Dans de telles conditions implacables, qui serait vraiment apte à remplacer le président sortant ? Si celui-ci décide de se représenter, aurait-il en face de lui un adversaire crédible ? Qui serait le héros pour lequel une majorité des votants n’oseraient pas reculer ? Le héraut qui saurait exprimer avec force, au conditionnel présent, un futur à améliorer sur la base d’un passé imparfait ? Y aurait-il enfin, parmi les prétendants du moment à la haute fonction de chef d'État, une sorte de flèche ardente sur un mur de soleil qui ferait rêver un peuple inapaisé ? Voilà des questions auxquelles il va falloir répondre dans la perspective du prochain scrutin présidentiel !

Triangle du vivre-ensemble 

Il ne s’agit nullement de conquérir un paradis sur Terre, mais de dompter un précieux triangle du vivre-ensemble dans le Golfe de Guinée, que les tumultes de la diversité guident traditionnellement cahin-caha dans des tourbillons maîtrisables clopinclopant. Vouloir sanctionner à tout prix le pouvoir en place ou rejeter de plein saut un parti d’opposition, sans égard aux projets politiques respectifs, serait une perversion électorale, une erreur morale et un contresens cérébral qui font litière de l’intérêt général. Le choix sage gagnerait plutôt à s’opérer entre les programmes proposés sur l’avenir. Ne décide-t-on pas judicieusement que par comparaison des variantes ?

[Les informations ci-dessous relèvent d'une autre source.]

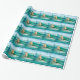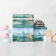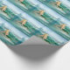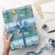 Sjöjungfru på kust med vinkar Aqua och fiskmåsar Presentpapper

En dépit des contraintes inhérentes à toute politicardie alimentaire, il importe d'étudier attentivement ces variantes programmatiques, en s'abstenant de tomber dans les filets de l'altérité divisionnelle. Les sacro-saints préceptes de l’unité nationale et de la paix civile sont inviolables. Tous ceux qui auraient tendance à s’en éloigner pour caresser la bête de la haine dans le sens naturel du poil épais, devraient simplement être sanctionnés par la voie des urnes, avec une sévérité quasi exemplaire. Il resterait alors à cicatriser les plaies exacerbées dans un esprit d’apaisement révéré et de feu sacré.

Alain Boutat
Épidémiologiste,
économiste et politiste 
Lausanne

(1) Balla A. « Au Cameroun, l’opposition se déchire déjà sur la désignation d’un candidat unique pour la présidentielle d’octobre 2025 », Le Monde, 26/02/2024.
(2) Ougock A. « Cameroun : Présidentielle 2025, le casse-tête de Maurice Kamto », Koaci, 27/01/2025.
(3) Mouko Boudombo A. « Présidentielle 2025 au Cameroun : Paul Biya déblaie-t-il son chemin ? », BBC, 09/07/2024.
(4) Foute F. « Présidentielle au Cameroun : l’avocat Akere Muna se lance une nouvelle fois », Jeune Afrique, 30/09/2024.